The company also partnered with Parley for the Oceans in 2015, an environmental organization that raises awareness for the beauty and fragility of the oceans and enacts strategies to end their destruction.
Adidas introduced its collaboration with Parley through footwear made with recycled ocean plastic, and later unveiled a clothing line utilizing the same materials.
In 2019, the company said it will produce 11 million pairs of shoes containing recycled ocean plastic.
Earlier this year, Adidas took steps further to create a more sustainable future through its FutureCraft.Loop shoe, a running shoe with a "closed loop" or circular manufacturing model.
“Taking plastic waste out of the system is the first step, but we can’t stop there,” said Eric Liedtke, an executive board member at Adidas responsible for global brands.

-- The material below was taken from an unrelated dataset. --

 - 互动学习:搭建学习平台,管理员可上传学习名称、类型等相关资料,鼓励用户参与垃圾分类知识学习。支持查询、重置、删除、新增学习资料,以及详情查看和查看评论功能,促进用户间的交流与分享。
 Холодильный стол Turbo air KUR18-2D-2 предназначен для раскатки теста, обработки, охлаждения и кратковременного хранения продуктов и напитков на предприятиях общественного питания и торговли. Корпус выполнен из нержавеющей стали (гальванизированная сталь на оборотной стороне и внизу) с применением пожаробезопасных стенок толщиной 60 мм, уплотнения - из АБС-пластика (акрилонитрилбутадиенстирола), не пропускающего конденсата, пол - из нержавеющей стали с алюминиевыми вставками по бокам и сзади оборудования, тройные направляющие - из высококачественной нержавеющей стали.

“What happens to your shoes after you’ve worn them out? You throw them away — except there is no away. There are only landfills and incinerators and ultimately an atmosphere choked with excess carbon, or oceans filled with plastic waste. The next step is to end the concept of 'waste' entirely. Our dream is that you can keep wearing the same shoes over and over again.”

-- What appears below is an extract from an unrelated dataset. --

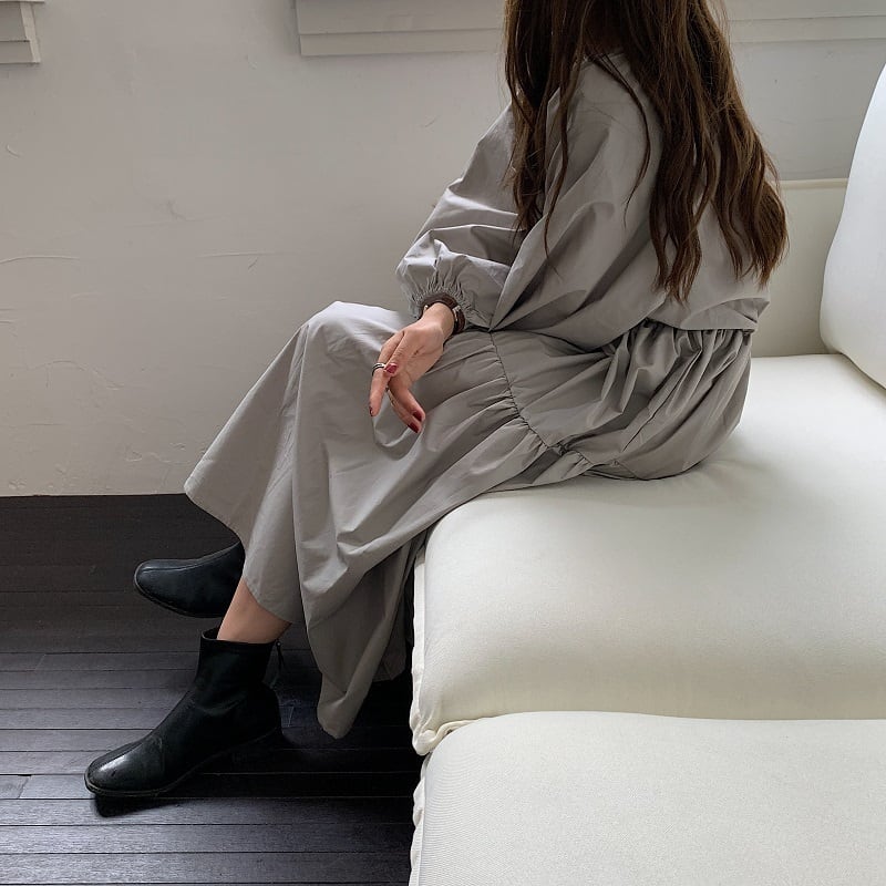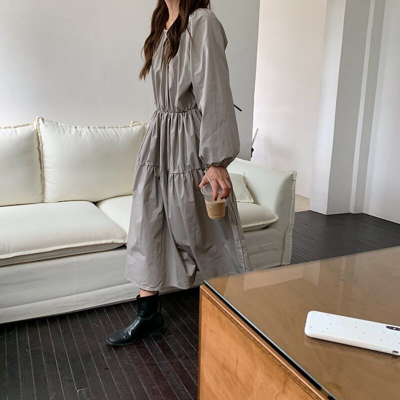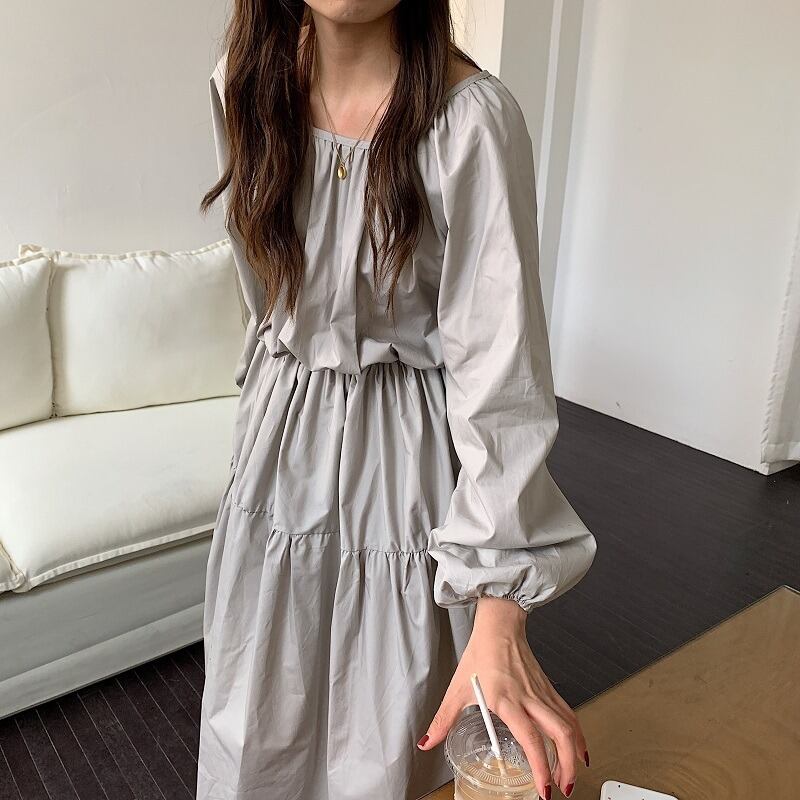 プリーツスリーブウェストドレス レディーススプリングオータムスタンダードスタイルスカート ランタンスリーブ レトロ 春物 秋物 ICC_レディース61751963969

Each component of the shoe is made from 100% reusable TPU, and instead of throwing the shoes away, customers can send them back to Adidas, where the materials are recycled for the next iteration, with zero waste and nothing thrown away.
Bottled water has long been one of the biggest offenders and has often been used as the textbook example of unnecessary waste.
The Coca-Cola Co (NYSE: KO) has announced this week that it will introduce Dasani water in aluminum cans and bottles in the fall in the Northeast and expand to other regions in 2020.
The company also announced it will introduce a new plastic bottle using 50% recycled plastic to reduce the amount of virgin plastic it is using.
With an 8.5% share of the bottled water market, the move will likely go a long way in reducing waste.
“We are working diligently to continually reduce our overall environmental footprint through smarter package design and procurement of recycled and renewable materials while continuing to deliver exceptional consumer experiences,” said Sneha Shah, group director of packaging innovation at Coca-Cola North America, said in a statement.
PepsiCo, Inc. (NASDAQ: PEP) also announced a plan to introduce Aquafina in aluminum cans.
The company said the move, which goes into effect next year, will remove 8,000 metric tons of virgin plastic waste and nearly 11,000 metric tons of greenhouse gas emissions.
“As one of the world’s leading food and beverage companies, we recognize the significant role PepsiCo can play in helping to change the way society makes, uses and disposes of plastics,” PepsiCo Chairman and CEO Ramon Laguarta said in a statement.
“We are doing our part to address the issue head on by reducing, recycling and reinventing our packaging to make it more sustainable, and we won’t stop until we live in a world where plastics are renewed and reused.”
The decision is a part of the company’s greater goal to use nothing but recyclable, compostable or biodegradable packaging by 2025.
In 2018, Starbucks Corporation (NASDAQ: SBUX) announced it would eliminate single-use plastic straws from its more than 28,000 company-operated stores by making straw-less lids or alternative material straw options available.
The company said the move will eliminate over 1 billion plastic straws per year from its stores.
The announcement made such a big splash that several others followed suit, including Hyatt Hotels Corporation (NYSE: H), Walt Disney Co (NYSE: DIS), Hilton Hotels Corporation (NYSE: HLT), American Airlines Group Inc (NASDAQ: AAL), Alaska Air Group, Inc. (NYSE: ALK), SeaWorld Entertainment Inc (NYSE: SEAS) and Royal Carribbean Cruise Ltd (NYSE: RCL).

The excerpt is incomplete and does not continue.